Linux, BSD: (1) and (2) should work ok.
MacOS X:
    For any invocation to work, the LD_LIBRARY_PATH or DYLD_LIBRARY_PATH
    variable must be set up properly. The easiest method is to do make
    install, and include in these environment variables the directory
    $PREFIX/lib/cado-nfs-x.y.z.

Run a factorization on current machine:
=======================================

./cado-nfs.py 90377629292003121684002147101760858109247336549001090677693 -t 2

where the option '-t 2' tells how many cores (via threads) to use on the
current machine (for polynomial selection, sieving, linear algebra, among
others).  It is possible to set '-t all' (which, in fact, is the default)
to use all threads on the current machine.

CADO-NFS is optimized only for numbers above 85 digits, and no support will
be provided for numbers of less than 60 digits (for very large numbers,
no support is promised). Note that it is a good idea to remove small prime
factors using special-purpose algorithms such as trial division, P-1, P+1,
or ECM, and use CADO-NFS only for the remaining composite factor.

Parts of the Number Field Sieve computation are massively distributed. In
this mode, client scripts (namely, cado-nfs-client.py) are run on many
nodes, connect to a central server, and run programs according to which
computations need to be done.  The programs (for the polynomial selection
and sieving steps) can run multithreaded, but it is better to have them
run with a capped number of threads (say, 2), and run several clients per
node. By default, programs in this step are limited to 2 threads. When
running the computation on the local machine, the number of clients is
set so that the number of cores specified by -t are kept busy.
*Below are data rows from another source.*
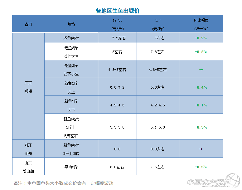 中國水產頻道原創報道, 文|圖 何氏水產 水產前沿 李靜 1、本周廣東生魚價格持續下跌,5斤老魚魚頭統貨與上周相比下跌了0.2元/斤,成交價在6.8元/斤左右,6斤以上魚頭統貨價格7.0元/斤左右,還是主要看2斤以上大生比例與魚頭來定價。2斤以上老大生市場行情一般,銷量下降,價格比上周也下跌了0.2元/斤左右,5斤魚頭價格7.6元/斤,6斤魚頭價格在7.8元/斤,還是看魚頭與條形來定價。本周2斤以下老魚小魚市場行情與上周差不多,價格與上周一樣,成交價還是在4.8-5.0元/斤左右,銷量上漲。 2、新魚繼續大量上市,2斤以上5成的統貨成交價持續下跌,成交價只有5.1-5.3元/斤,塘頭的實際成交價是根據2斤上下的比例圍出來的,如果2斤以上成數不好的,成交價還會更低。2斤以上成數越多價格越高,主要看抓魚的規格與魚頭來定價。2斤以上新魚,魚頭4斤左右的,價格比上周下跌了0.4元/斤,成交價6.8元/斤,新魚2斤以下成交價比上周下跌了0.1元/斤,只有4.2-4.5元/斤,預測接下來價格持穩。 2、浙江湖州3斤以上的價格與上周一樣,山東微山湖價格比上周下跌了0.5元/斤,銷量穩定。 |
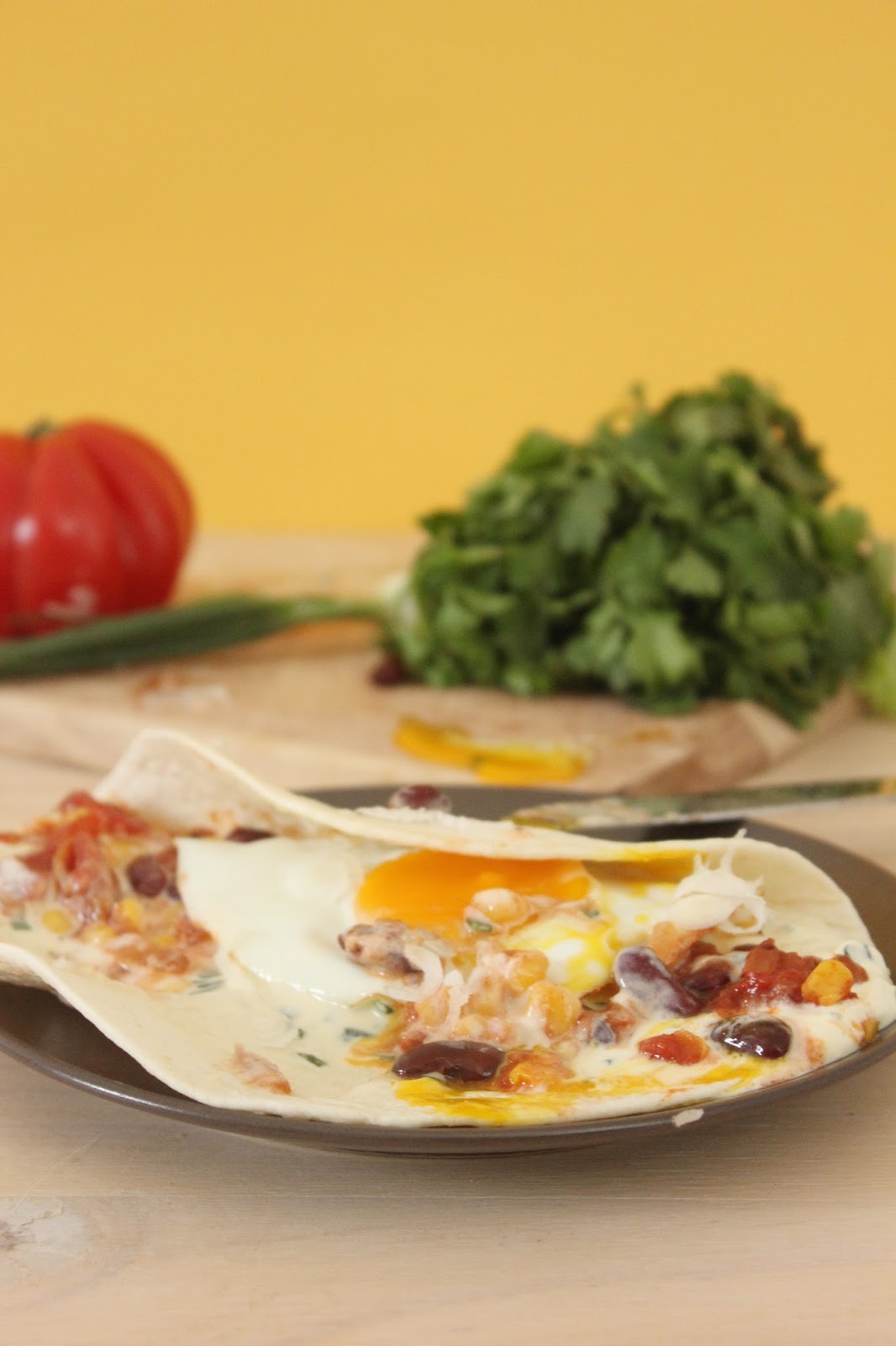 La marche à suivre est simple : une fine épaisseur de crème fraîche citron/ciboulette, un peu de sauce tomate, du mélange haricot/maïs et quelques feuilles de coriandre fraîche ! 🙂
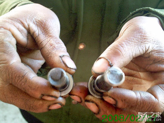 图上左边的连杆螺栓断口成纤维状分布,断口相对平整,有金属光泽,且与正应力垂直,断面上有人字形花纹。螺栓头部与连杆瓦盖台肩支承面的贴合处有明显的磨损台阶(与右图对比)。为先断裂的连杆螺栓。
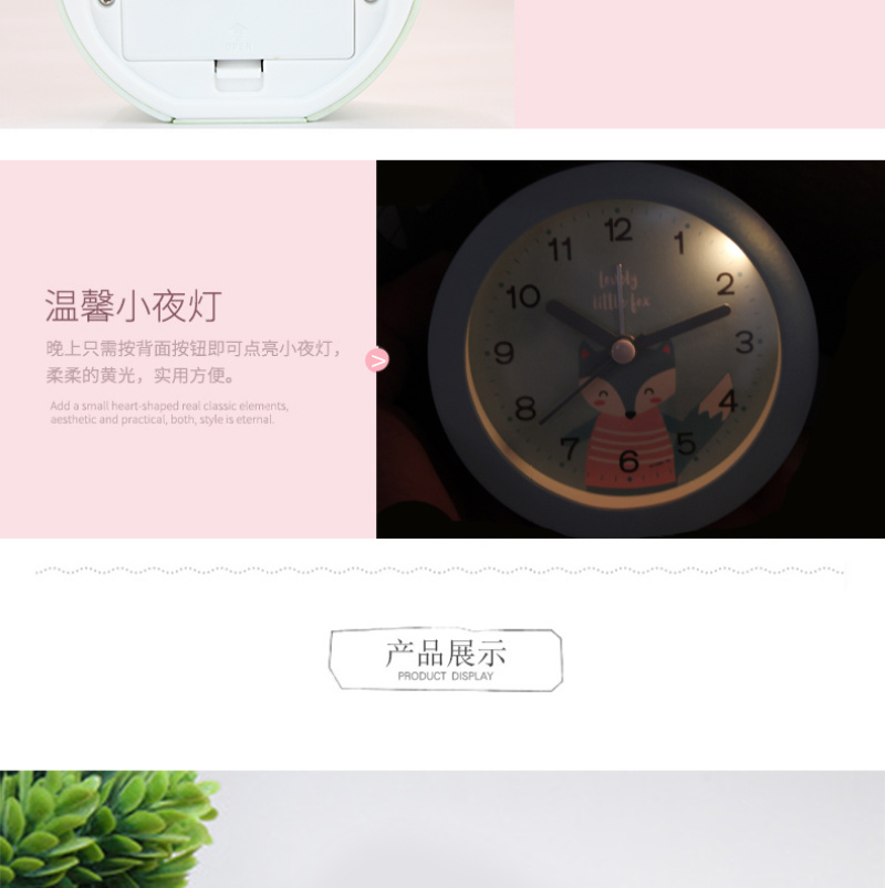 可爱卡通动物3.7寸圆形座钟 儿童学生床头静音扫秒夜灯闹钟时钟表 投诉
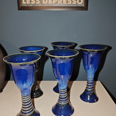 Nydelige og meget dekorative lys blå keramiske vinglass med kremhvit kant selges pga. plassmangel. Fra 1980-tallet, pent brukt. Ingen skader eller merker. Høyden er 14 cm, diameter 10 cm.
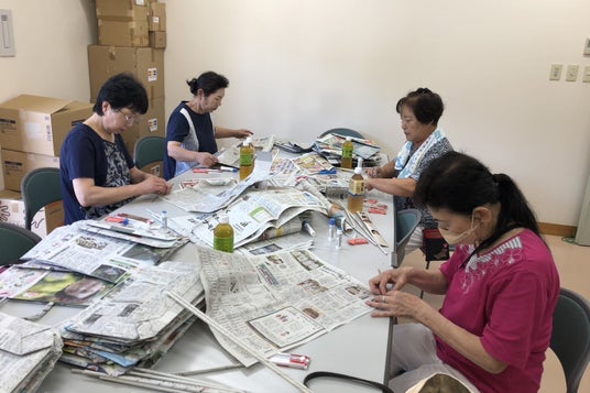 環境に負荷をかけるプラスチックごみを削減するため、池田町婦人福祉会の協力を得て、「新聞紙マイバック」を200個手作りしました。本部(池田中学校駐車場)とお店案内所(まちの駅こってコテいけだ、道のオアシスフォーシーズンテラス)にてアンケートにお答えいただいた方にプレゼントします。このバックを持って、町内のお店を巡ってください。
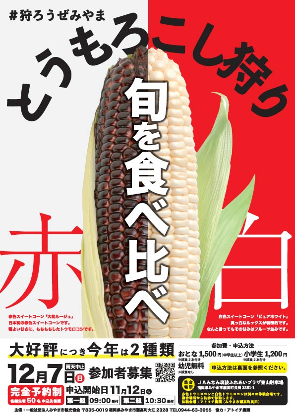 #狩ろうぜみやま『トウモロコシ狩り2025 秋』赤白、秋を食べ比べ。
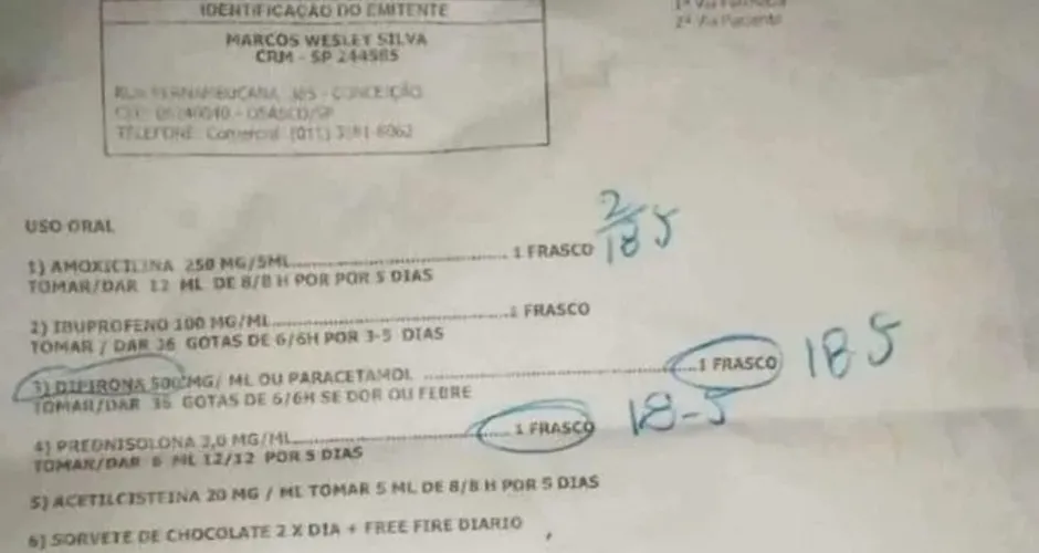 Na receita médica constam cinco indicações de medicamentos: amoxicilina, ibuprofeno, dipirona, prednisolona e acetilcisteína -além de sorvete de chocolate duas vezes por dia, mais Free Fire diário.
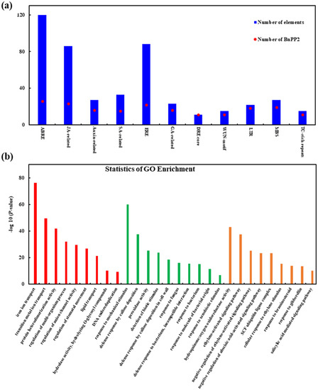 (a) The hormone-related and stress-related cis-acting regulatory elements in the promoters of the BnPP2 genes in clusters II–IV. The bar graph indicates the total number of each cis-acting element found in the BnPP2 promoters (royal blue box), as well as the number of BnPP2 promoters that included a specific cis-regulatory element (red circle). (b) The gene ontology enrichment analysis of proteins that interacted with BnPP2 proteins. Table S4 contains more detailed information.
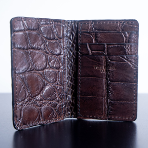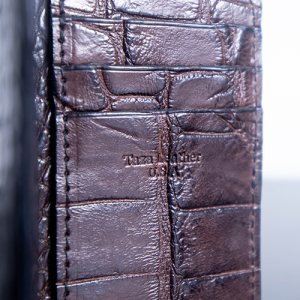 Made with genuine wild American alligator skin inside and outside, this premium edition represents the pinnacle of craftsmanship. The deep brown finish emphasizes the rich texture of the alligator scales, giving the wallet a bold yet refined presence.
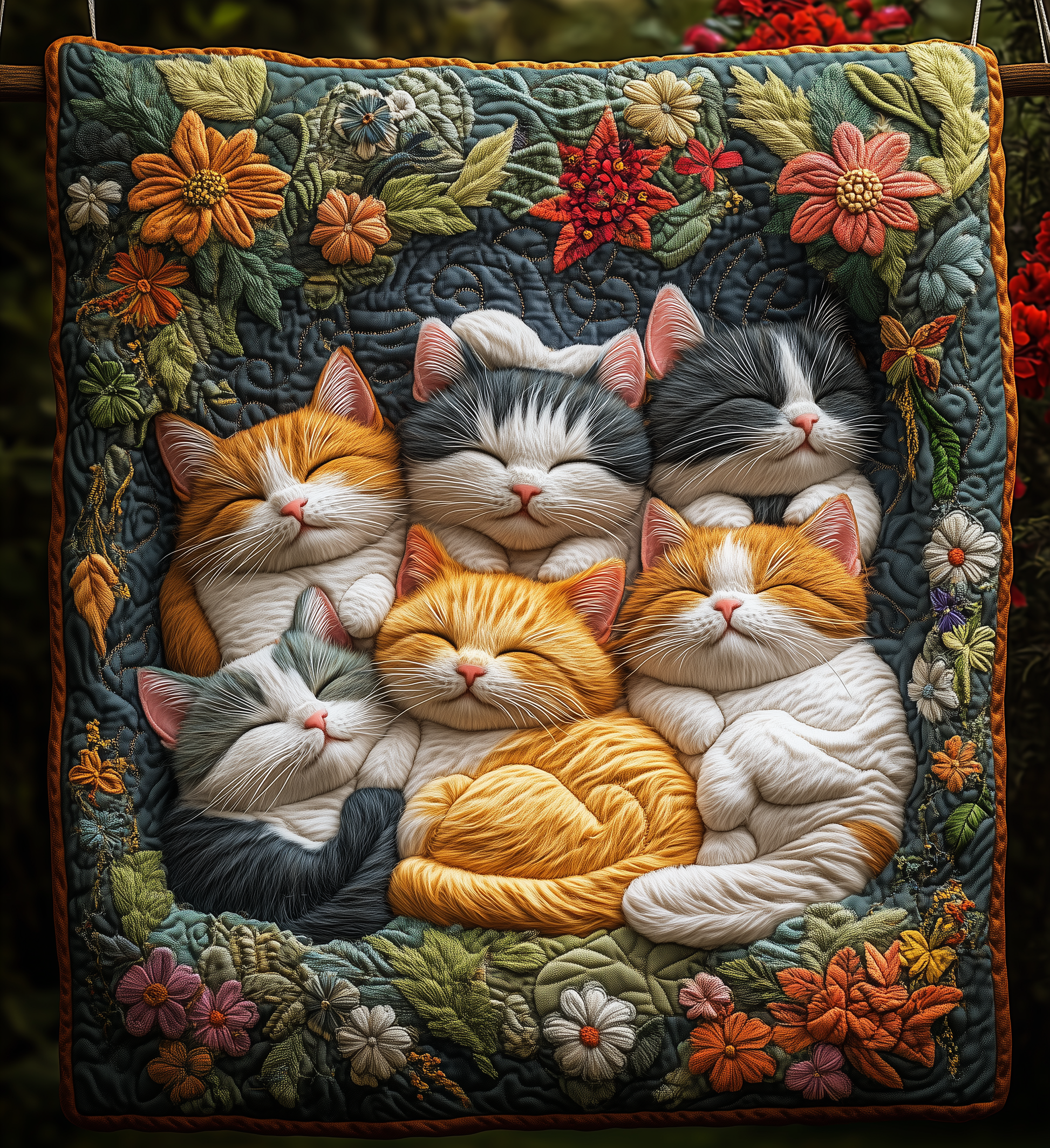 Sleeping Cats Royal Blooms And Leaves Quilted Blanket NNKL015
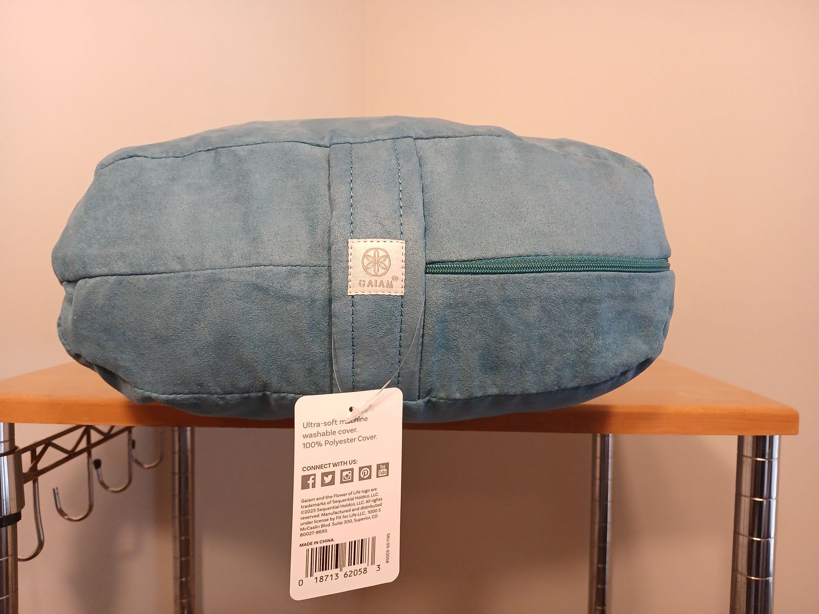 Removeable and washable soft polyester faux-suede cover over natural cotton batting.
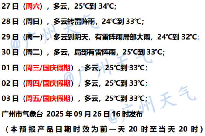 广州市气象台预计,受副热带高压控制,9月27日广州以多云为主,白天体感闷热。9月28日—29日受“博罗依”外围环流影响,广州雷雨增多,局部雨势较大并伴有8级左右短时大风。
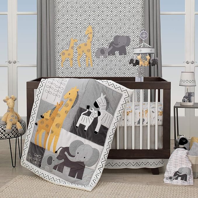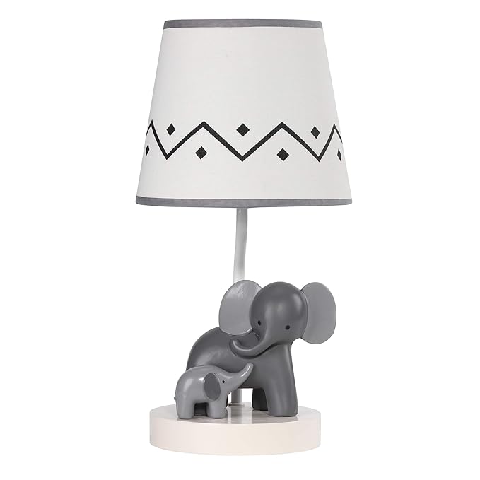Lambs & Ivy Me & Mama White/Gray Elephant Nursery Lamp with Shade & Bulb

Run a factorization on several machines:
=======================================

./cado-nfs.py 353493749731236273014678071260920590602836471854359705356610427214806564110716801866803409 slaves.hostnames=hostname1,hostname2,hostname3 --slaves 4 --client-threads 2

This starts 4 clients each on hosts hostname1, hostname2, and hostname3,
where each client uses two cpus (threads). For hostnames that are not
localhost, ssh is used to connect to the host and start a client there.
To configure ssh, see the next section. For tasks which use the local
machine only (not massively distributed tasks), the number of threads
used is the one given by -t (which defaults to all threads on the local
machine).

For a larger factorization (distributed on several machines, possibly
with different parameters for different machines), please use the
--server mode (see scripts/cadofactor/README and
scripts/cadofactor/parameters).

Check that your SSH configuration is correct:
=============================================

The master script (unless in --server mode) uses SSH to connect to
available computing resources.  In order to avoid the script asking your
password or passphrase, you must have public-key authentication and an
agent.

The SSH keys are usually installed in the files ~/.ssh/id_rsa and
~/.ssh/id_rsa.pub; if you don't have them yet, you can create them with the
ssh-keygen command. See the man page ssh-keygen(1) for details. The private
key should be protected with a passphrase, which you can enter when you
create the keys. Normally ssh will ask for the key's passphrase when you log
on to a machine, but this can be avoided by using ssh-agent, see the man
page ssh-agent(1), and providing the passphrase to the agent with ssh-add.
Public-key authenticaton together with an ssh-agent will allow cadofactor
to use ssh to run commands on slave machines automatically.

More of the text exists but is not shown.